Art markets are fragmented and opaque. Outside a small number of trophy works and highly traded artists, selling can take months or years. Auctions may recommend “waiting for the right season”; dealers may quietly pass. In a slowing market, even works that appear valuable on paper can become effectively illiquid.
This is particularly true in the middle of the market — works priced too high to be impulse buys, but not prestigious enough to command institutional interest.
Seasoned investors increasingly acknowledge that being able to sell is more important than what a work last fetched.
“Blue-chip” is perhaps the most overused term in art investment.
Works by Picasso, Monet, Warhol or Rothko are often described as safe havens — but safety in art is relative, not absolute. Even within these names, quality varies enormously. Oversupplied categories, weaker periods, and minor works can stagnate for decades.
Recent years have seen selective softness even among major modern and post-war artists. The market increasingly rewards rarity, museum-quality works and strong provenance — not simply famous signatures.
As curators and advisers often point out, institutional relevance matters more than auction history. An artist’s presence in major museum collections, scholarly writing and long-term cultural narratives plays a larger role in value retention than short-term market enthusiasm.

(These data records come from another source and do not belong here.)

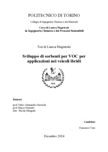 Sviluppo di sorbenti per VOC per applicazioni nei veicoli ibridi = Development of VOCs sorbents for hybrid vehicles applications.
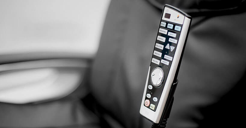 Intuicyjny pilot sterowania umieszczony jest na statywie obok podłokietnika. Pilot zapewnia łatwy dostęp do wszystkich funkcji fotela oraz wyświetla pozostały czasu masażu.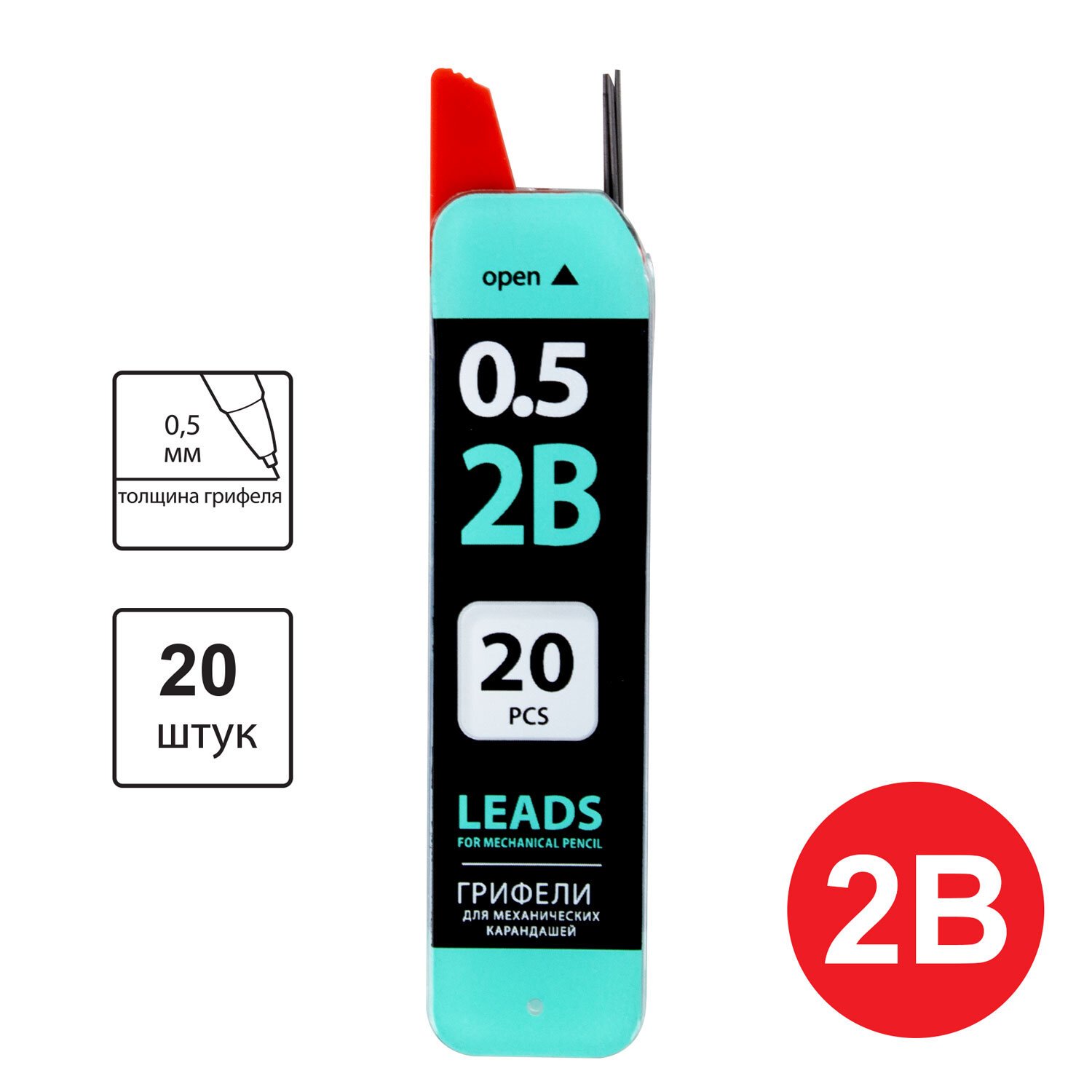 Грифели запасные 0,5 мм, 2B, BRAUBERG, КОМПЛЕКТ 20 шт., "Black Jack", 180448

Perhaps the most striking recent development has been the rise of fractional art investment platforms, promising to “democratise” ownership by selling shares in expensive works.
For sophisticated investors, these platforms raise uncomfortable questions.

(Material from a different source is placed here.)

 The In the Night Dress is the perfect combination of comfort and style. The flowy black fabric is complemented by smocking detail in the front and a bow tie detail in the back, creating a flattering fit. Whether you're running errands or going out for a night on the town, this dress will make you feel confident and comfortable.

Fractional owners typically have no control over when a work is sold, how it is valued, or how disputes are resolved. Liquidity is often theoretical, dependent on secondary markets that may not materialise. Valuations can be internally marked, rather than market tested.
The risk, in many cases, shifts from the artwork itself to the platform’s governance, incentives and longevity.
Art lawyers and regulators have increasingly warned that while the marketing language borrows from finance, the protections do not.
Behind closed doors, most wealth advisers are strikingly consistent in their view of art.
It is rarely treated as a return-driving asset. More often, it is categorised as a passion asset with optional upside. Typical allocations, where they exist at all, are small — often 2–5% of a portfolio — and assumed to be held long term.
Crucially, no serious financial plan assumes art will outperform equities over time.
Instead, art’s role is psychological and cultural as much as financial: a source of enjoyment, identity and, in some cases, intergenerational transfer. Any appreciation is considered contingent rather than central.
For collectors already in the market, attention has shifted away from hype and towards structural signals:
Taste moves slowly, but when it does, prices follow.
Art can preserve value, occasionally grow it, and sometimes generate extraordinary returns. But it is not a dependable, transparent or income-producing asset. It demands patience, expertise, capital and — above all — tolerance for uncertainty.
The greatest mistake investors make is assuming that cultural importance guarantees financial reward, or that past performance ensures future gains. The market does not work that way.
In a post-boom environment shaped by higher rates and harder choices, art’s financial case is narrower but clearer. It is best understood not as a shortcut to wealth, but as a long, illiquid commitment that may — if chosen wisely — reward both eye and balance sheet.
The oldest advice remains the most durable: buy art because you want to live with it. Anything more should be considered a bonus — not a promise.